Первая мысль «бежать» мне казалась самой верной. Не выпустят меня из советских лабораторий, как пить дать, не выпустят. Смотрел я передачи про всяких людей с необычными способностями. Вот только в советское время о них никто знать не знал, ведать не ведал. Информация неконтролируемым потоком полилась с экранов телевизоров после перестройки. Но проверять на себе, правду или нет, вещали журналисты в своих разоблачениях, мне не хотелось.

— Да вот, мимо ехал, решил заскочить, посмотреть, как ты тут. С врачом поговорить. Что доктор говорит? Когда на работу?

Я настороженно, стараясь не выдавать своих мыслей, смотрел на Кузьмича. Забалтывает, притупляет внимание? Если он все знает нафига весь этот кордебалет с сочувствием и заботой?

— Да так, ничего хорошего, — пожал плечами, потихоньку двигаясь к окну. — Присаживайтесь.
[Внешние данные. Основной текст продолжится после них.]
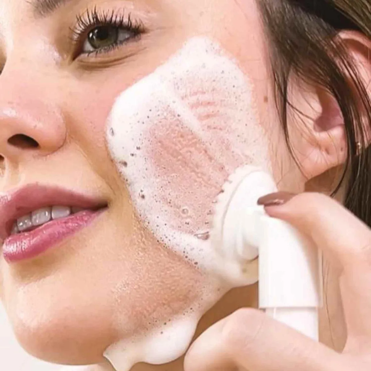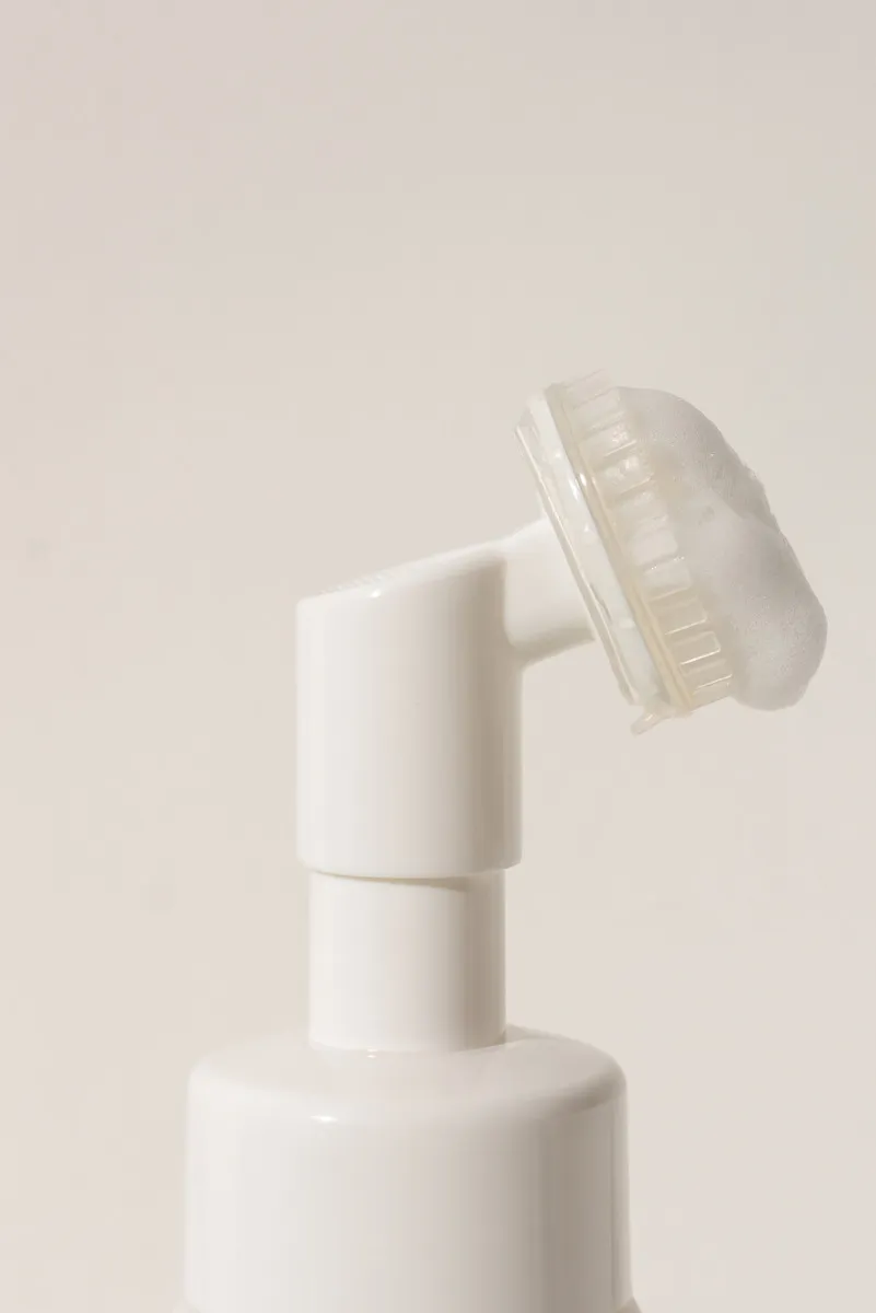 Frasco espumador com esponja de silicone acoplada que auxilia na limpeza e proporciona uma massagem delicada no rosto (sem esfoliar).
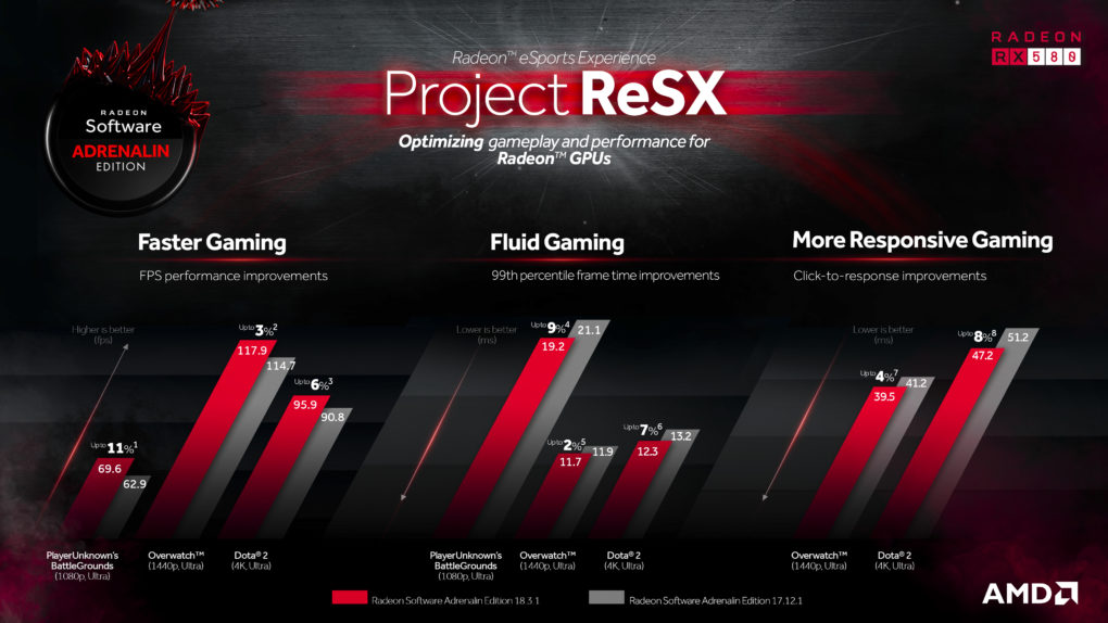 Questi miglioramenti sono dovuti a un progetto speciale all’interno del gruppo Radeon Software conosciuto come Project ReSX (Radeon eSports Experience). Negli ultimi mesi AMD ha lavorato a stretto contatto con gli sviluppatori sulle ottimizzazioni in-game, integrandole direttamente in Radeon Software, per migliorare sempre di più le prestazioni dei giochi più popolari del momento sulle GPU Radeon, garantendo così ai videogiocatori la migliore esperienza possibile.
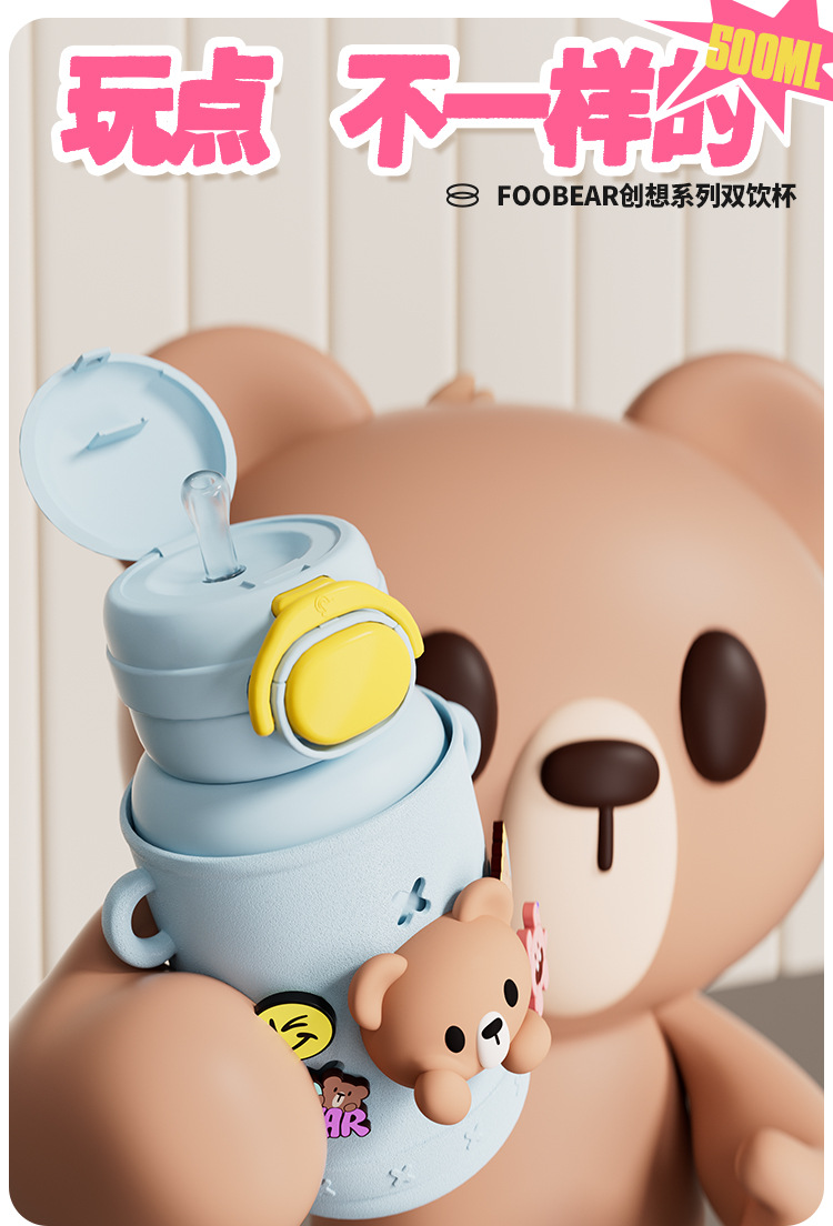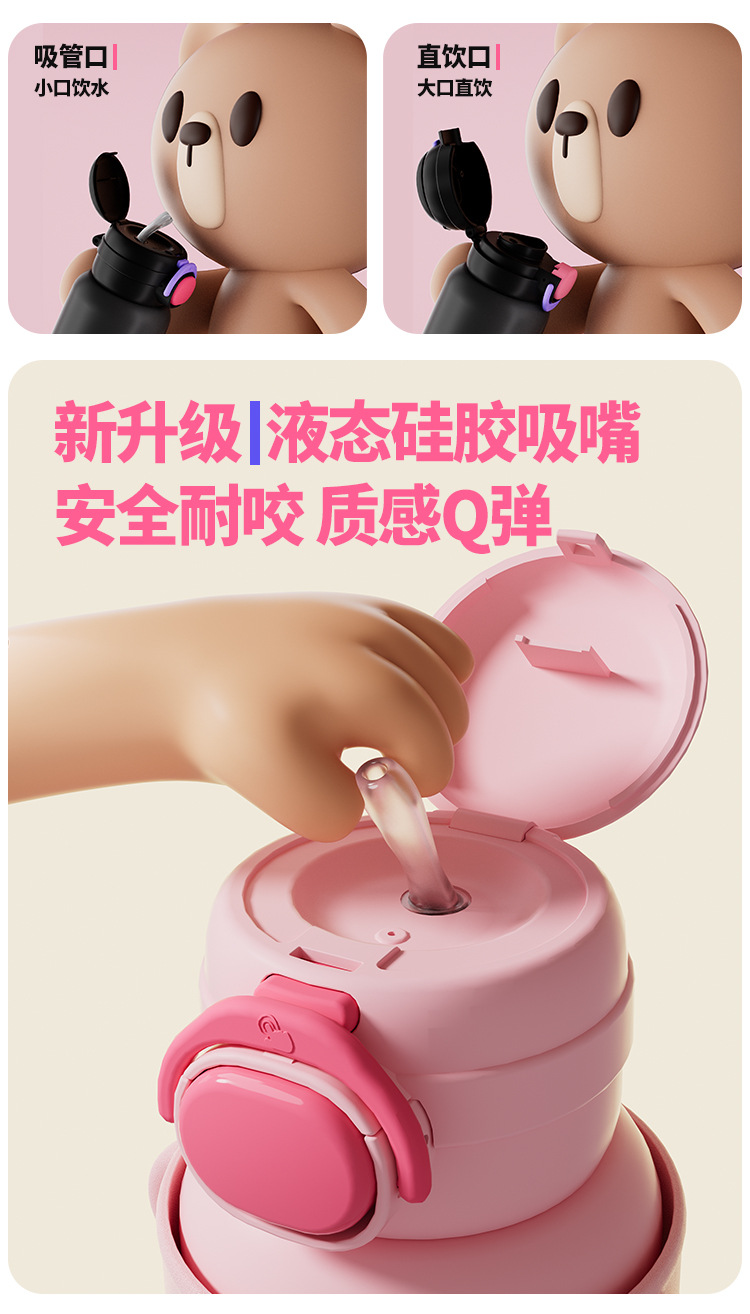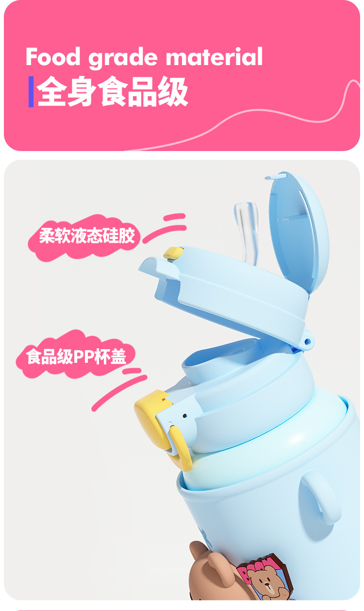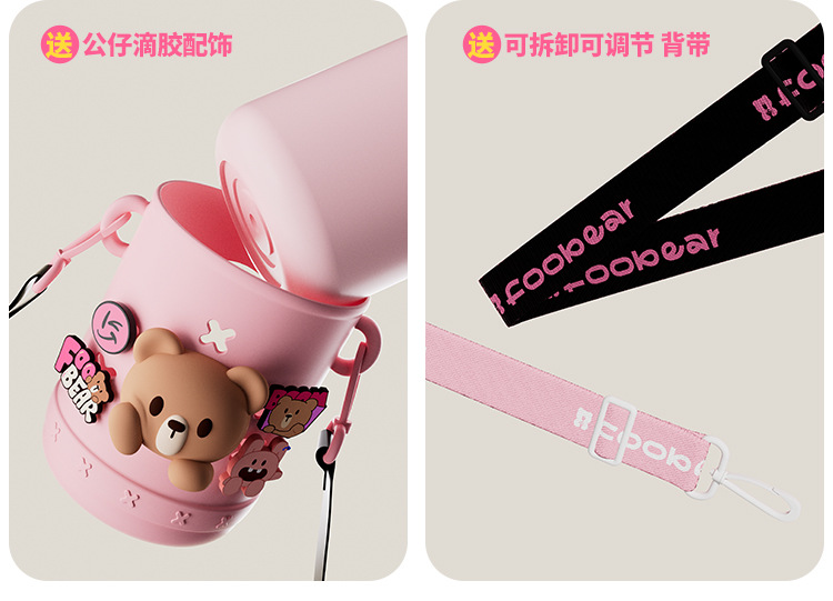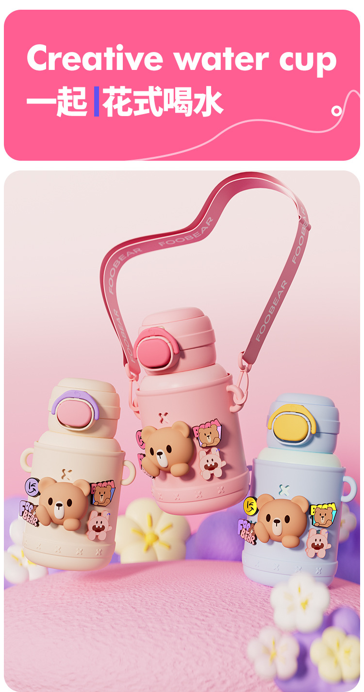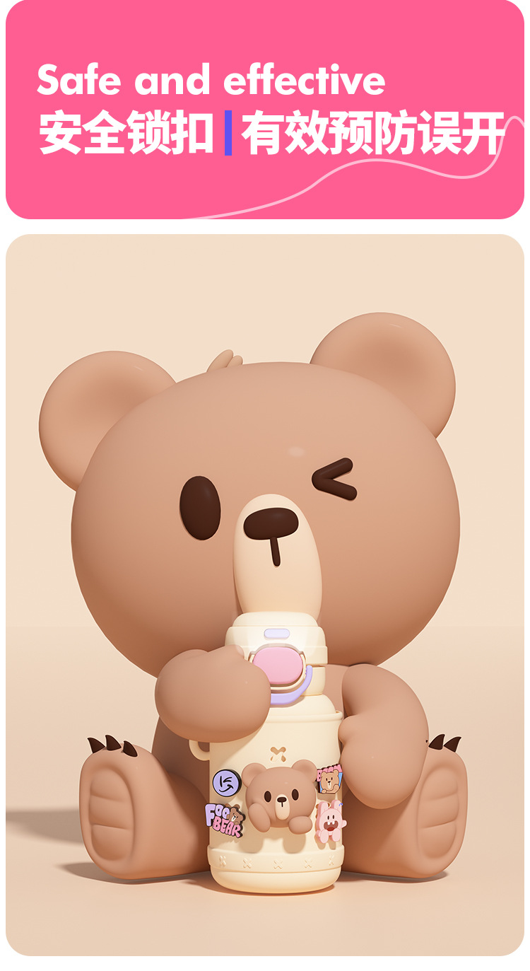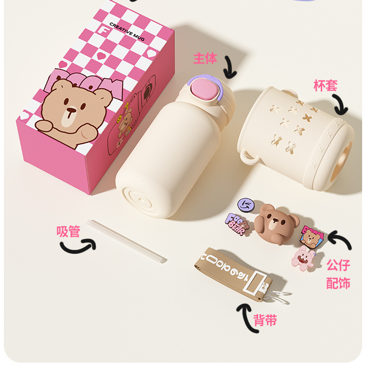 【可爱卡通造型,斜挎便携】范范熊宝宝可爱卡通保温杯 316不锈钢内胆 斜挎便携吸管水杯子-QQ
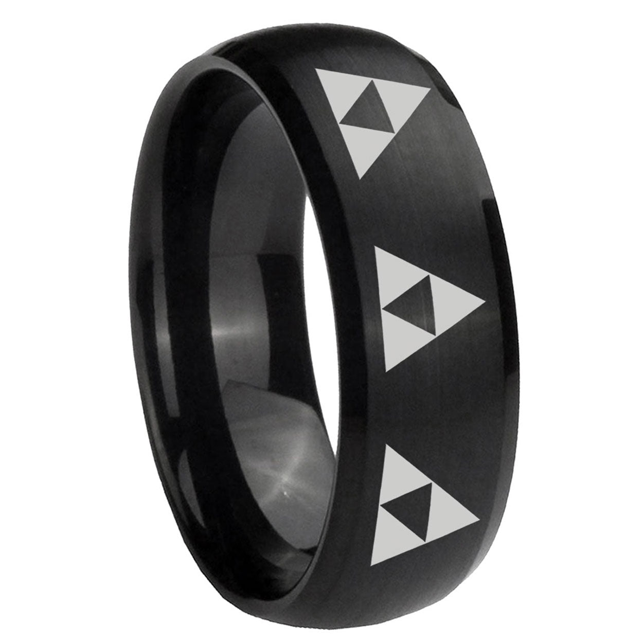 Intruding 5, 8mm Multiple Zelda Triforce Dome Brush Black Tungsten Carbide Men's Band Ring . Offer in both 5mm and 8mm band width brush black plated finished from size 4 to 14
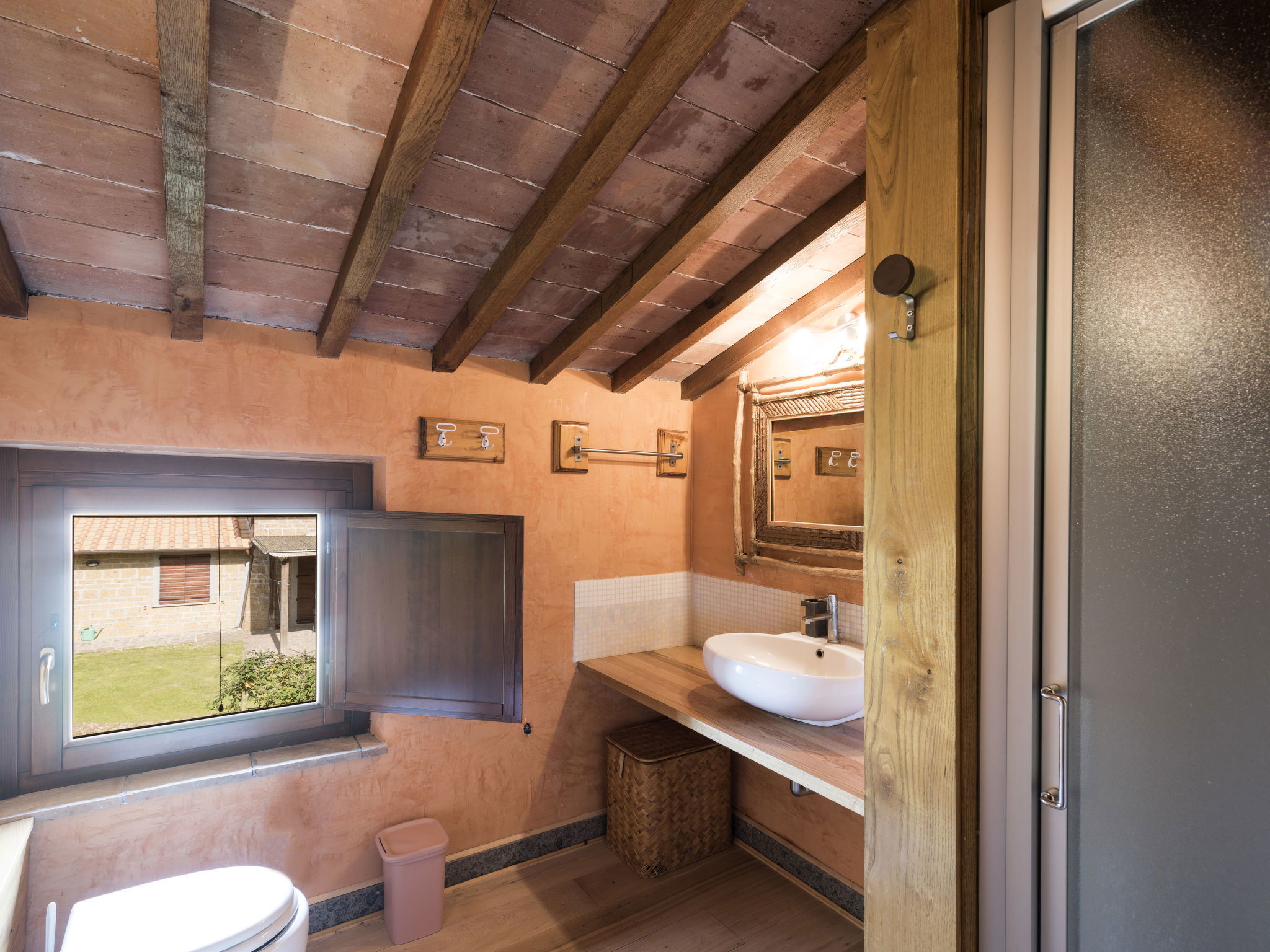 Belle maison de campagne accueillante "Podere La Cavallara", environnée par les champs. 6 appartements dans la résidence. À 4 km du centre de Montefiascone, à 17 km du centre de Viterbo, à 85 km du centre de Roma, à 1.1 km du lac. En commun: terrain 2'500 m2, jardin entretenu avec pelouse et arbres, piscine (12 x 6 m, profondeur 140 - 150 cm, disponibilité saisonnière: 16.Mai. - 03.Oct.) avec systeme d'électolyseur au sel. Douche extérieure, meubles de jardin, barbecue, espace de jeux pour les enfants. Infrastructures de la résidence: Connexion WIFI, bain à remous (en sus). Lave-linge (en commun), vélo à disposition. Accès en voiture (200 m chemin non goudronné). Place de parking (couvert) sur le terrain. Magasins 1.5 km, supermarché 4 km, arrêt de bus 2.8 km, gare ferroviaire "Montefiascone" 7 km, plage de sable "Lago di Bolsena" 1.1 km, plage de gazon "Lago Di Bolsena" 1.1 km, centre thermal "Terme Dei Papi" 16 km, baignade en lac "Lago di Bolsena" 1.1 km. Attractions à proximité: Bolsena 18 km, Civita Di Bagno Regio 18 km, Viterbo 19 km, Caprarola 35 km, Orvieto 30 km, Pitigliano 40 km. Veuillez noter: voiture recommandée.
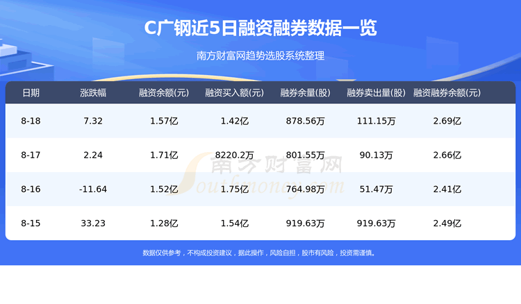 8月18日C广钢融券信息显示,融资方面,当日融资买入1.42亿元,融资偿还1.56亿元,融资净买额-1427.17万元。融券方面,融券卖出111.15万股,融券偿还34.14万股,融券余量878.56万股,融券余额1.12亿元。融资融券余额2.69亿元。近5日融资融券数据一览见下表:

Предложил Кузьмичу соседнюю с моей койку, открывая себе пути отхода к дверям. Прыгать с четвертого этажа травматологии такое себе удовольствие. Хотя в коридоре по любому стоят товарищи по оружию, не могу же он один за мной придти? Неужто остальные соблазнялись перспективами? Ладно, послушаем, что скажет, что предложит.

— Это отчего же? Смотрю, скачешь дельфином, выглядишь бодро. Бледноват, правда, да загар быстро вернется на вышке-то.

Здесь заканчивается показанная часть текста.